----- Input material
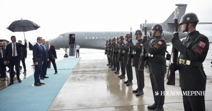 Ο Κυριάκος Μητσοτάκης έφτασε στην Αγκυρα στις 15.10 και τον υποδέχθηκε στο αεροδρόμιο ο υπουργός Εξωτερικών της Τουρκίας Χακάν Φιντάν με μια εγκάρδια χειραψία. Ο Ελληνας πρωθυπουργός έφτασε στο προεδρικό μέγαρο της Τουρκίας περίπου στις 4 μ.μ., με τον κ. Ερντογάν να τον υποδέχεται στα σκαλοπάτια της εισόδου. Ο πρόεδρος της Τουρκίας είπε στον κ. Μητσοτάκη «καλώς ήρθατε», και ο κ. Μητσοτάκης εξέφρασε τη χαρά του που βρίσκεται στην τουρκική πρωτεύουσα.
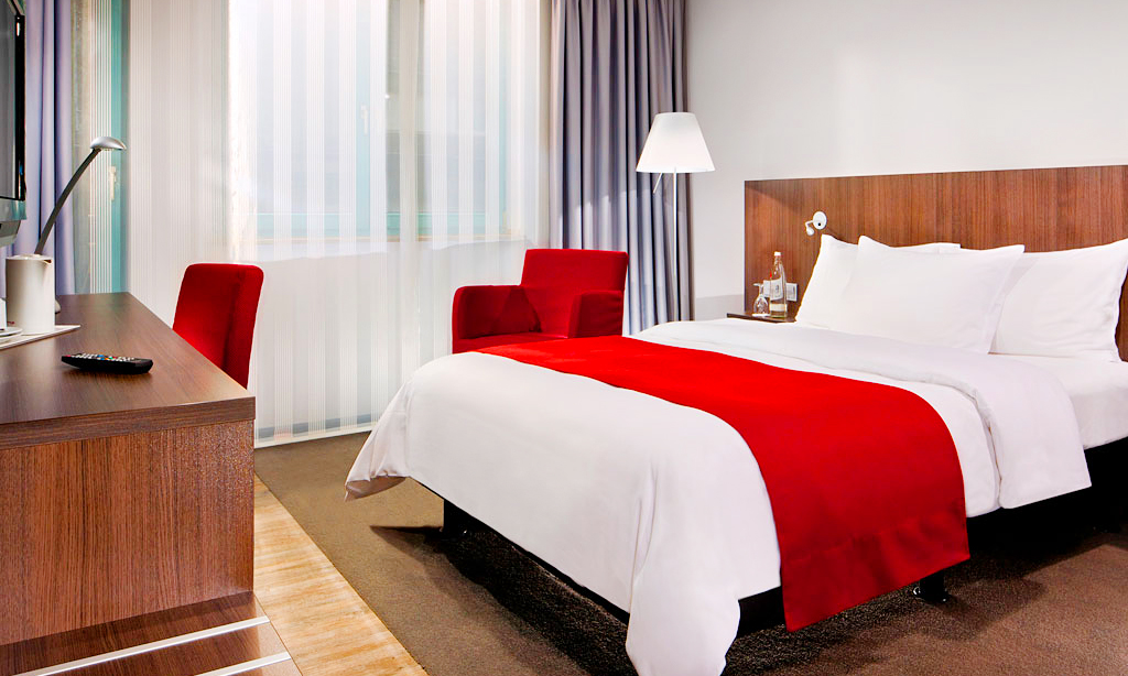 Im mit 4 Sterne ausgezeichneten Hotel Mercure Hotel Düsseldorf Hafen können Gäste in verkehrsgünstiger Lage unweit von Rhein, Medienhafen und der Altstadt nächtigen. Die klimatisierten Zimmer verfügen über WLAN, LCD-Fernseher, Kühlschrank und Safe. Für das leibliche Wohl sorgt die hoteleigene Brasserie La Vie mit ihrem vielfältigen Angebot an internationalen und regionalen Spezialitäten. Bei gutem Wetter steht den Gästen außerdem die Sommerterrasse der Brasserie zur Verfügung. Mit Option 2 dürfen Groupon-Kunden zusätzlich am Anreisetag ein 3-Gänge-Menü im Hotel genießen. Und wer sich trotz Urlaub fit halten möchte, kann im angrenzenden Sportclub kostenfrei trainieren.
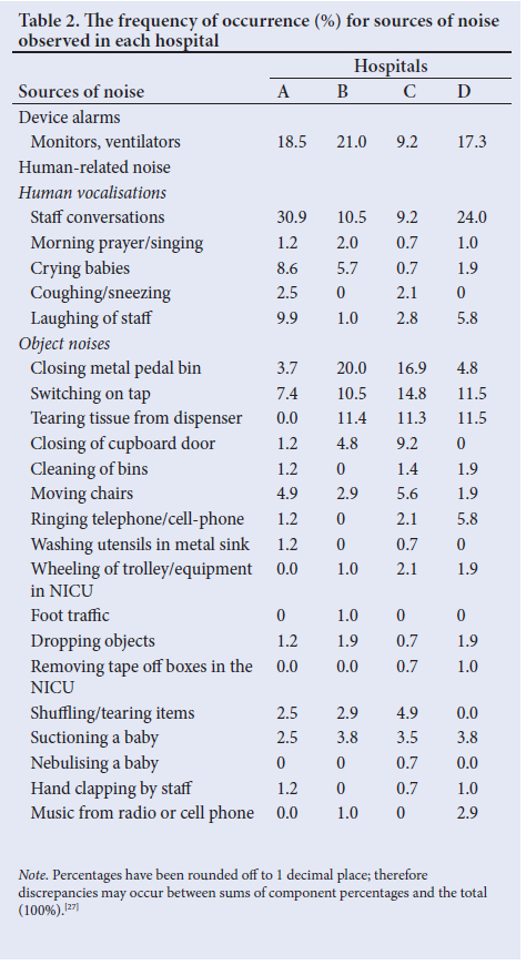 A pilot study was conducted at a tertiary public sector hospital in eThekwini that was not included in the main study. The pilot study was conducted to assess the functioning of the SLM in the NICU, as well as the feasibility of the methods used, including the duration of the measurements and observation of the sources of noise. The main study occurred at four public hospitals where the researcher conducted site surveys (Table 1) and developed floor plans for each NICU. The SLM and microphone were calibrated according to the manufacturer's specifications on each day. The SLM was positioned using the central site procedure and SANS 10083:2013 to determine the overall noise that neonates were exposed to in each NICU.[12,17,19-21] Noise measurements were conducted continuously for 48 hours on 2 consecutive days of the week. A Sunday and Monday were purposively selected to represent a weekend and a weekday, as research has identified significant differences in noise levels between them.[16,22,23] Noise measurements were recorded on a noise measurement form, categorised as morning (7h00 - 13h00), afternoon (13h00 - 19h00) and night (19h00 - 7h00) periods. A sample of the sources of noise and their frequency of occurrence were observed during the morning and recorded in a field diary and a sources-of-noise checklist (Table 2). The checklist was categorised according to device alarms and human-related sources, adapted from other studies.[13,18]
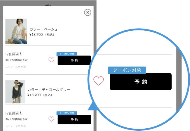 販売開始や再入荷、SALEのお知らせがメールやアプリ、LINEで届きます。
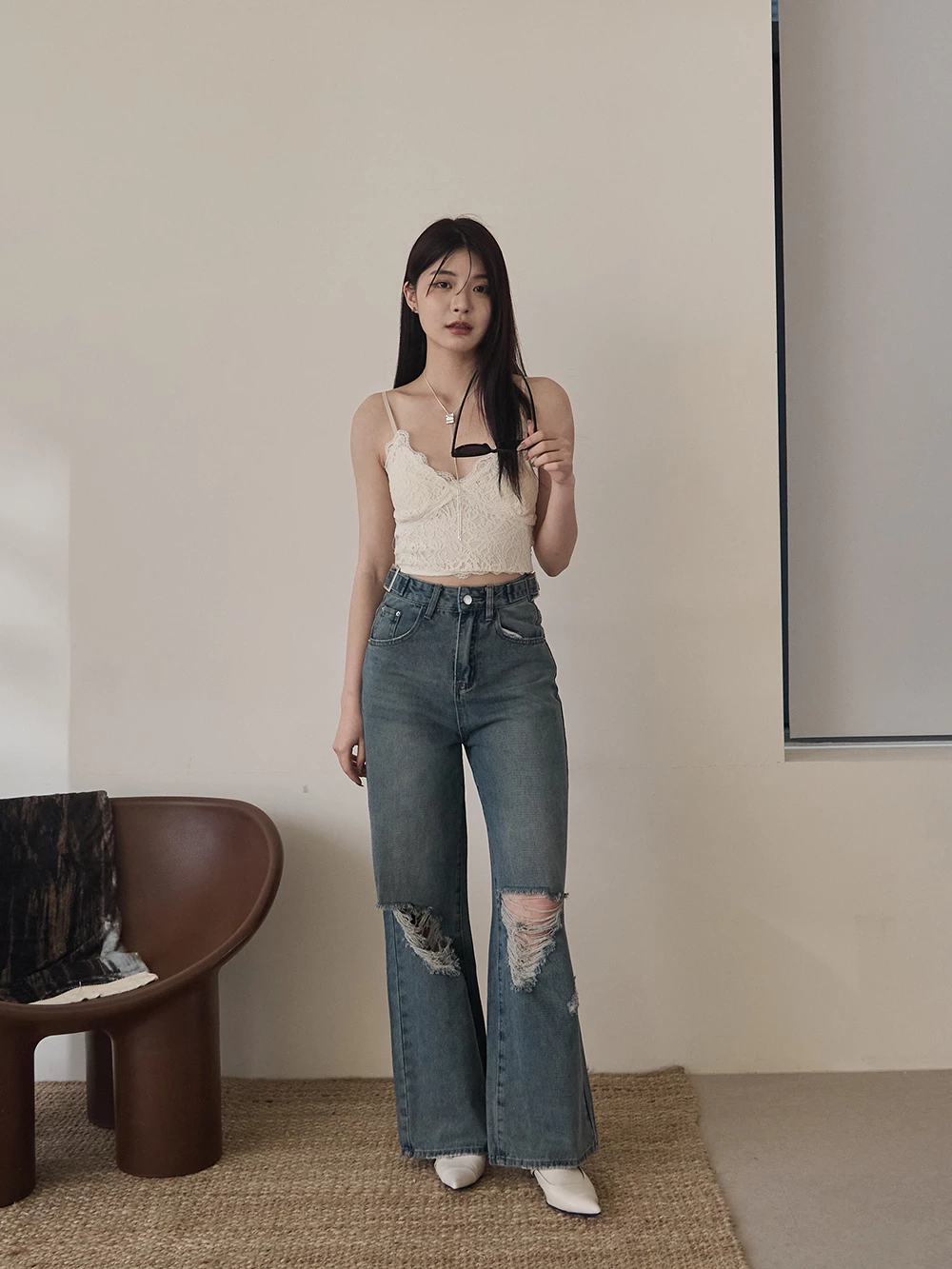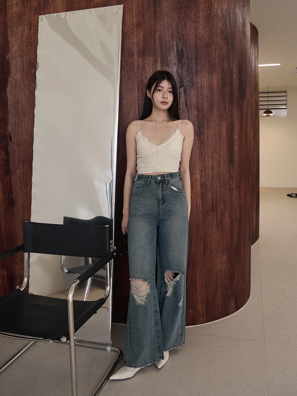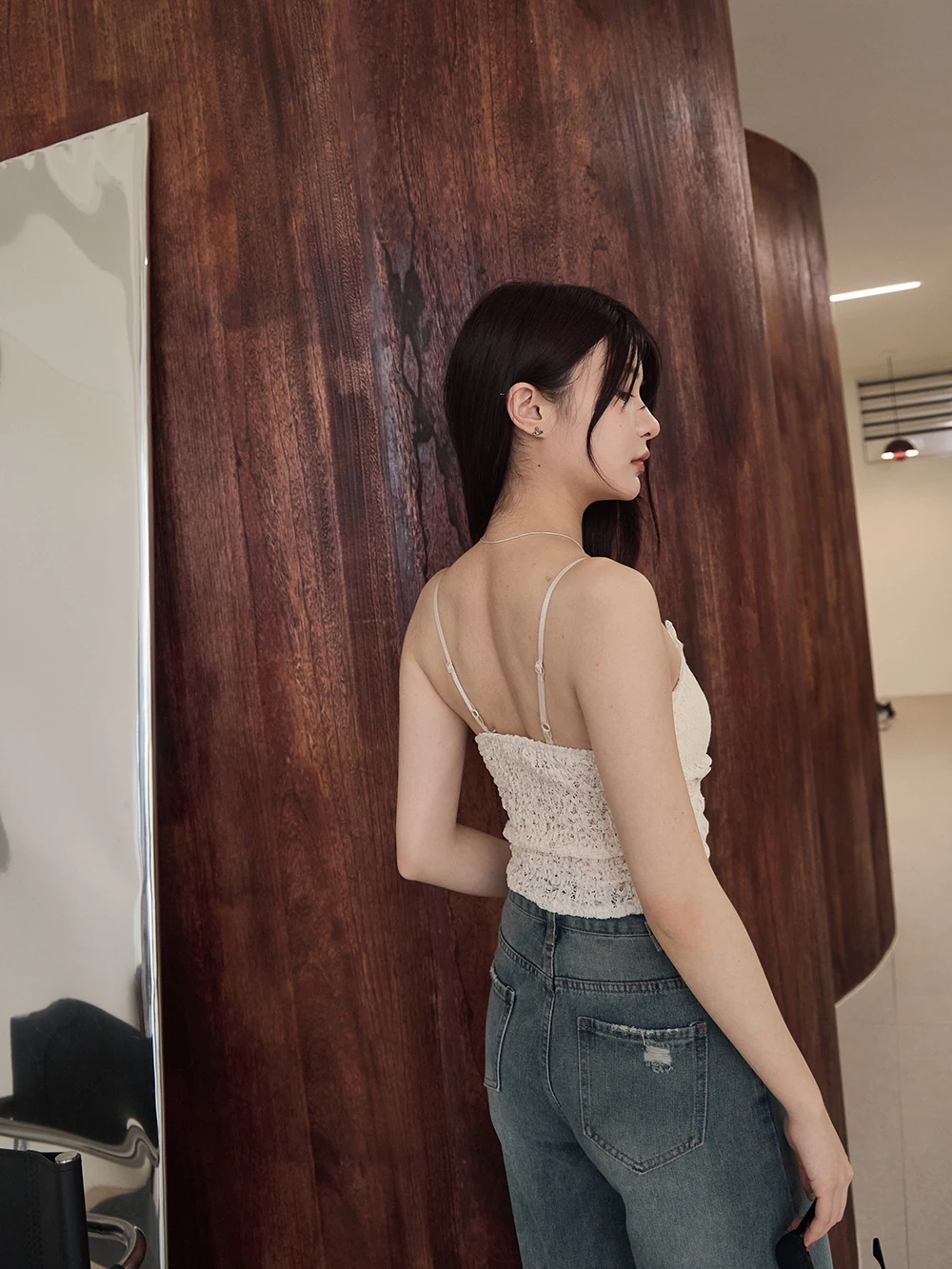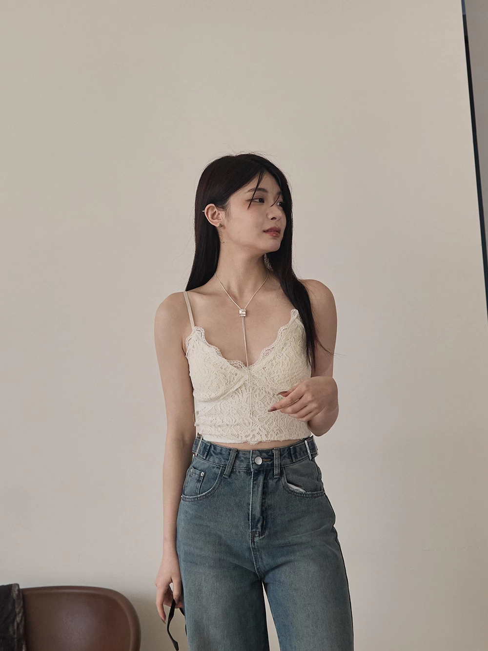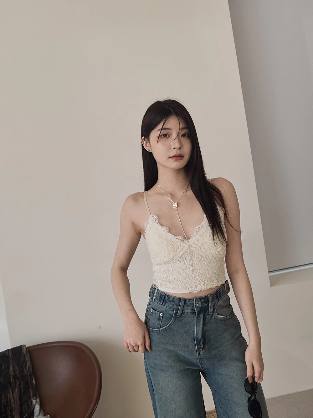 V領蕾絲細肩胸墊背心
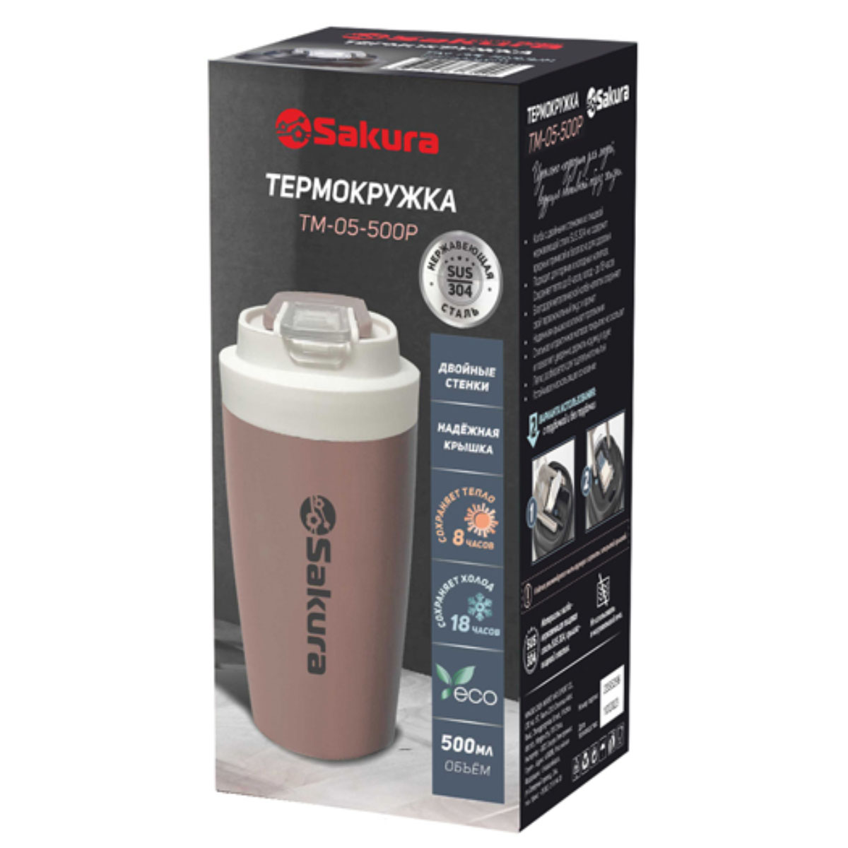 Термокружка 0,5л TM-05-500P с трубочкой, пепельная роза
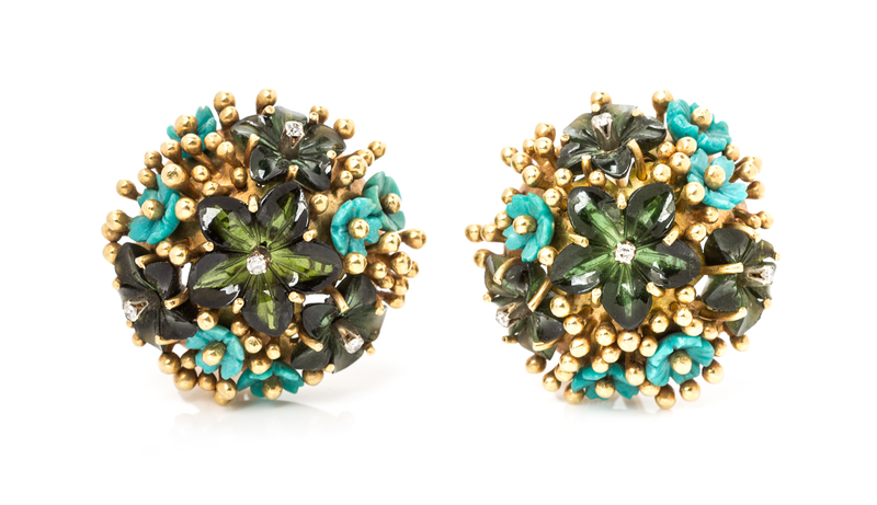 in a domed design with beaded wirework accents containing eight carved green tourmaline flowers, 10 carved turquoise flowers, and eight round single cut diamonds weighing approximately 0.10 carat total, the earclips measuring approximately 26.00 mm in diameter.Stamps: 18K ITALY TIFFANY & CO.
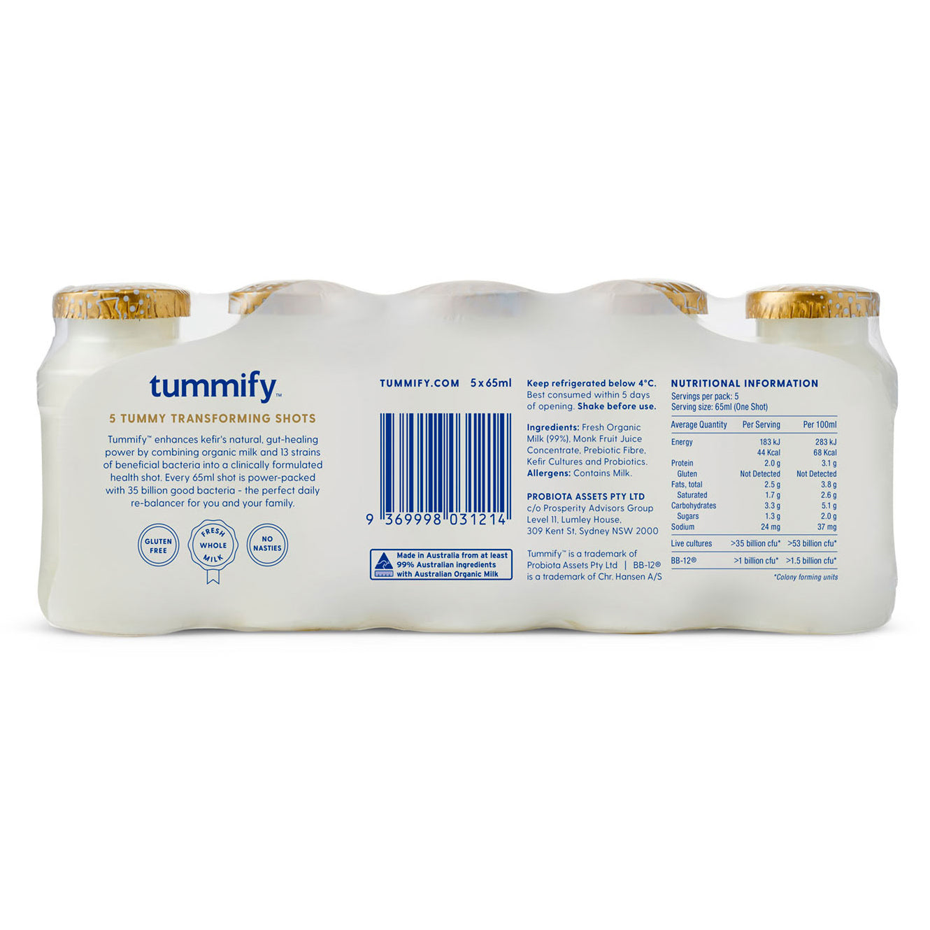 Boost your gut health with Tummify Organic Probiotic Shot 5x65ml. Packed with live cultures, this convenient shot supports digestion and strengthens your immune system. Say goodbye to bloating and hello to a happier, healthier you!
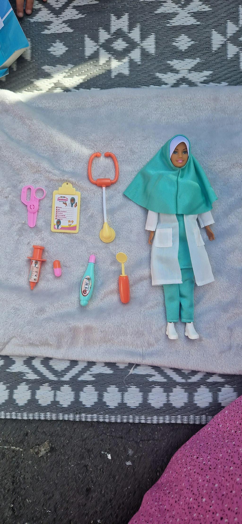 Complete with a hijab and medical accessories, it promotes the idea that they can achieve their dreams while staying true to their cultural and religious values.
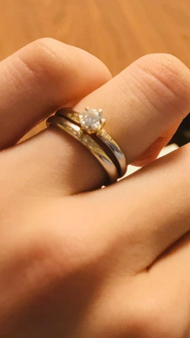もともとは違うデザインを購入しようと思っていましたが、婚約指輪は立て爪のデザインがいいと店員さんに教えてもらい、その中で、プラチナとゴールドゴールド2色のデザインであるこちらのリングがとても気に入りました。
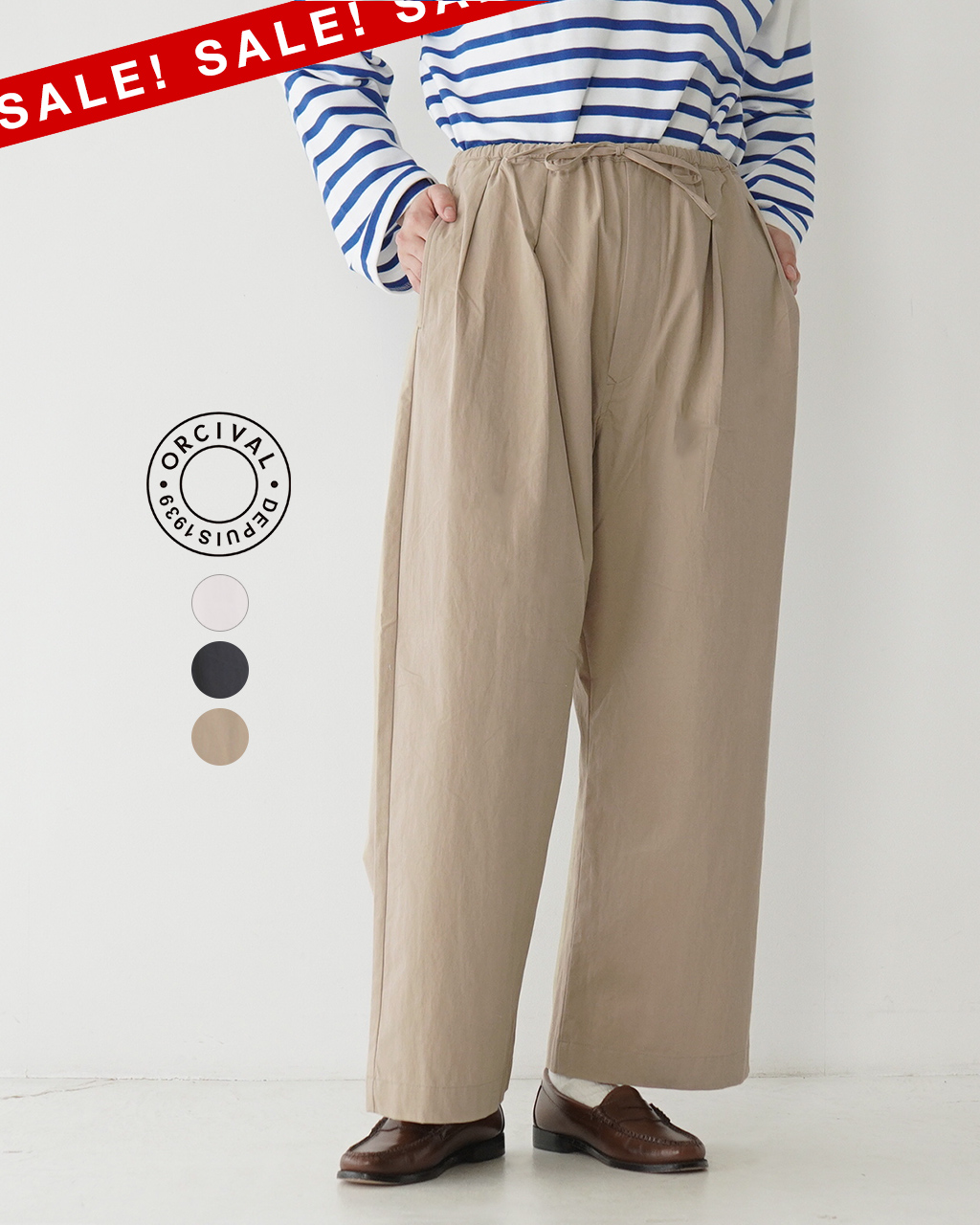 BRAND その他のORCIVALはこちら COUNTRY Made in Vietnam SIZE 1 COLOR IVORY(アイボリー)、BEIGE(ベージュ)、CHARCOAL(チャコール) FABRIC コットン73% ナイロン27% ATTENTION ・こちらの商品はデザインの特性上、裾直しは致しかねます。 LAUNDRY |
----------
> [Task instructions]:
Set every record down verbatim. No pictures belong in the copy.

> [Completed task]:
 Ο Κυριάκος Μητσοτάκης έφτασε στην Αγκυρα στις 15.10 και τον υποδέχθηκε στο αεροδρόμιο ο υπουργός Εξωτερικών της Τουρκίας Χακάν Φιντάν με μια εγκάρδια χειραψία. Ο Ελληνας πρωθυπουργός έφτασε στο προεδρικό μέγαρο της Τουρκίας περίπου στις 4 μ.μ., με τον κ. Ερντογάν να τον υποδέχεται στα σκαλοπάτια της εισόδου. Ο πρόεδρος της Τουρκίας είπε στον κ. Μητσοτάκη «καλώς ήρθατε», και ο κ. Μητσοτάκης εξέφρασε τη χαρά του που βρίσκεται στην τουρκική πρωτεύουσα.
 Im mit 4 Sterne ausgezeichneten Hotel Mercure Hotel Düsseldorf Hafen können Gäste in verkehrsgünstiger Lage unweit von Rhein, Medienhafen und der Altstadt nächtigen. Die klimatisierten Zimmer verfügen über WLAN, LCD-Fernseher, Kühlschrank und Safe. Für das leibliche Wohl sorgt die hoteleigene Brasserie La Vie mit ihrem vielfältigen Angebot an internationalen und regionalen Spezialitäten. Bei gutem Wetter steht den Gästen außerdem die Sommerterrasse der Brasserie zur Verfügung. Mit Option 2 dürfen Groupon-Kunden zusätzlich am Anreisetag ein 3-Gänge-Menü im Hotel genießen. Und wer sich trotz Urlaub fit halten möchte, kann im angrenzenden Sportclub kostenfrei trainieren.
 A pilot study was conducted at a tertiary public sector hospital in eThekwini that was not included in the main study. The pilot study was conducted to assess the functioning of the SLM in the NICU, as well as the feasibility of the methods used, including the duration of the measurements and observation of the sources of noise. The main study occurred at four public hospitals where the researcher conducted site surveys (Table 1) and developed floor plans for each NICU. The SLM and microphone were calibrated according to the manufacturer's specifications on each day. The SLM was positioned using the central site procedure and SANS 10083:2013 to determine the overall noise that neonates were exposed to in each NICU.[12,17,19-21] Noise measurements were conducted continuously for 48 hours on 2 consecutive days of the week. A Sunday and Monday were purposively selected to represent a weekend and a weekday, as research has identified significant differences in noise levels between them.[16,22,23] Noise measurements were recorded on a noise measurement form, categorised as morning (7h00 - 13h00), afternoon (13h00 - 19h00) and night (19h00 - 7h00) periods. A sample of the sources of noise and their frequency of occurrence were observed during the morning and recorded in a field diary and a sources-of-noise checklist (Table 2). The checklist was categorised according to device alarms and human-related sources, adapted from other studies.[13,18]
 販売開始や再入荷、SALEのお知らせがメールやアプリ、LINEで届きます。
 V領蕾絲細肩胸墊背心
 Термокружка 0,5л TM-05-500P с трубочкой, пепельная роза
 in a domed design with beaded wirework accents containing eight carved green tourmaline flowers, 10 carved turquoise flowers, and eight round single cut diamonds weighing approximately 0.10 carat total, the earclips measuring approximately 26.00 mm in diameter.Stamps: 18K ITALY TIFFANY & CO.
 Boost your gut health with Tummify Organic Probiotic Shot 5x65ml. Packed with live cultures, this convenient shot supports digestion and strengthens your immune system. Say goodbye to bloating and hello to a happier, healthier you!
 Complete with a hijab and medical accessories, it promotes the idea that they can achieve their dreams while staying true to their cultural and religious values.
もともとは違うデザインを購入しようと思っていましたが、婚約指輪は立て爪のデザインがいいと店員さんに教えてもらい、その中で、プラチナとゴールドゴールド2色のデザインであるこちらのリングがとても気に入りました。
 BRAND その他のORCIVALはこちら COUNTRY Made in Vietnam SIZE 1 COLOR IVORY(アイボリー)、BEIGE(ベージュ)、CHARCOAL(チャコール) FABRIC コットン73% ナイロン27% ATTENTION ・こちらの商品はデザインの特性上、裾直しは致しかねます。 LAUNDRY |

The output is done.